The FTC has imposed significant sanctions and remedial requirements on GoDaddy, one of the world’s largest web hosting and domain registration companies, over allegations of serious data security failures and misleading claims about its cybersecurity practices. This sheds light on the vulnerabilities that led to repeated breaches and highlights the enforcement consequences of failing to protect sensitive consumer information despite making soaring claims about cybersecurity in a company’s marketing materials.

Over a three-year period from 2019 to 2022, GoDaddy experienced multiple security breaches that exposed sensitive customer data, including login credentials, encryption keys, and even credit card information. The FTC’s found that these incidents resulted from systemic shortcomings in GoDaddy’s cybersecurity program, despite the company’s public assurances.
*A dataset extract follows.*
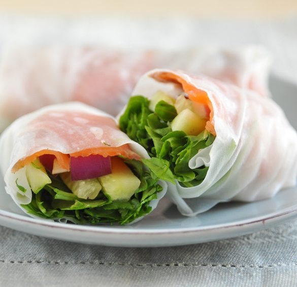 Involtini primavera ovvero verdure avvolte in fette di salmone affumicato e carta di riso. Un aperitivo o un antipasto leggero e gustoso, ideale con salse piccanti.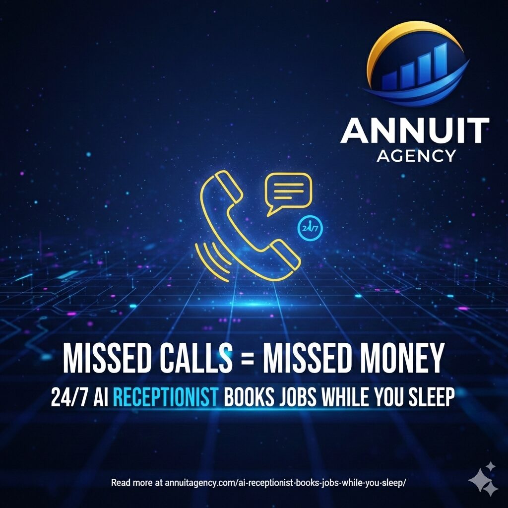 Missed Calls = Missed Money: How a 24/7 AI Receptionist Books Jobs While You Sleep Annuit Agency • AI Missed Calls = Missed Money: How a 24/7 AI Receptionist Books Jobs While You Sleep If you run roofing, HVAC, or plumbing, you already know the truth: the phone is your lifeline. The problem is you […]

GoDaddy’s Alleged Failures

The FTC accused GoDaddy of violating Section 5 of the FTC Act, which prohibits unfair or deceptive practices. Specifically, the agency alleged that GoDaddy misrepresented its security practices by marketing itself as a secure hosting provider throughout it marketing materials, such as claiming to offer “24/7 threat monitoring” and “award-winning security.” In fact, GoDaddy’s security allegedly fell far short of basic industry standards, much less its own promises. These misleading statements gave consumers – many of which were small businesses – a false sense of security, potentially influencing their decisions to entrust GoDaddy with sensitive information and the fate of their digital storefronts.

GoDaddy’s deficiencies included:

• Lack of Multi-Factor Authentication (MFA): GoDaddy did not require MFA for administrative logins until after significant breaches occurred. Even then, it failed to offer MFA options for customer-facing systems.
• Poor Asset Management: The company failed to maintain a centralized inventory of its servers and software, leaving thousands of systems unpatched and vulnerable to exploitation. The company also failed to perform uniform and regular security software updates.
• Ineffective Monitoring: Security events were inconsistently logged, and essential monitoring tools, such as Security Information and Event Management (SIEM) systems, were not properly deployed.

As a result of its lax security, GoDaddy left itself exposed to multiple security incidents:

• 2019–2020: A breach originating in the customer-managed hosting environment spread to the Shared Hosting environment due to inadequate network segmentation. Attackers gained access to sensitive customer data, including website credentials and payment card information.
• 2021: Using compromised API credentials, attackers accessed data for 1.2 million customers. The breach exposed login credentials, encryption keys, and other sensitive details, highlighting weak controls over GoDaddy’s internal systems.
• 2022: Attackers exploited vulnerabilities that remained unresolved from the 2019 breach, redirecting website visitors to malicious sites. GoDaddy only discovered this breach after customer complaints, rather than from its own internal monitoring.

FTC Settlement Requirements

The settlement with the FTC imposes strict obligations on the GoDaddy to prevent future security lapses. The key terms include:

1. Comprehensive Information Security Program:
   • GoDaddy must establish a detailed cybersecurity framework, including written policies, annual risk assessments, and prompt responses to security incidents.
   • The program must account for the sensitivity of customer data and include safeguards proportionate to the risks involved.
2. Third-Party Assessments:
   • Independent audits of GoDaddy’s cybersecurity practices must be conducted every two years for 20 years. These assessments will evaluate the company’s compliance with industry standards and identify areas for improvement.
3. Incident Reporting and Remediation:
   • GoDaddy is required to report significant breaches to the FTC within 10 days and provide detailed accounts of remediation efforts.
   • Customers affected by future breaches must be notified promptly, with clear instructions on protective steps.
4. Senior Executive Accountability:
   • A senior executive must annually certify the company’s compliance with the settlement terms, ensuring leadership accountability for cybersecurity.

Lessons for Businesses

The GoDaddy case serves as a cautionary tale for organizations handling sensitive consumer data. Here are critical insights for businesses looking to avoid similar pitfalls:

1. Proactive Security is Essential

GoDaddy’s breaches with basic safeguards like asset management, risk assessment, MFA, real-time monitoring, and timely software updates. Businesses should invest in these foundational security measures to reduce vulnerabilities. There is a growing consensus among regulators concerning the minimum cybersecurity safeguards that businesses should have in place.

2. Transparency Matters

Misleading statements about security practices not only erode consumer trust but also invite regulatory scrutiny. Companies must ensure that marketing materials accurately reflect their capabilities and practices.

3. Prepare for the Inevitable

Even the best defenses cannot guarantee absolute security. Businesses should maintain robust incident response plans and allocate resources for rapid breach detection and mitigation.

4. Regulators Are Watching

The FTC’s action against GoDaddy underscores its commitment to holding companies accountable for cybersecurity failures. Businesses must stay informed about regulatory expectations and adapt their practices accordingly.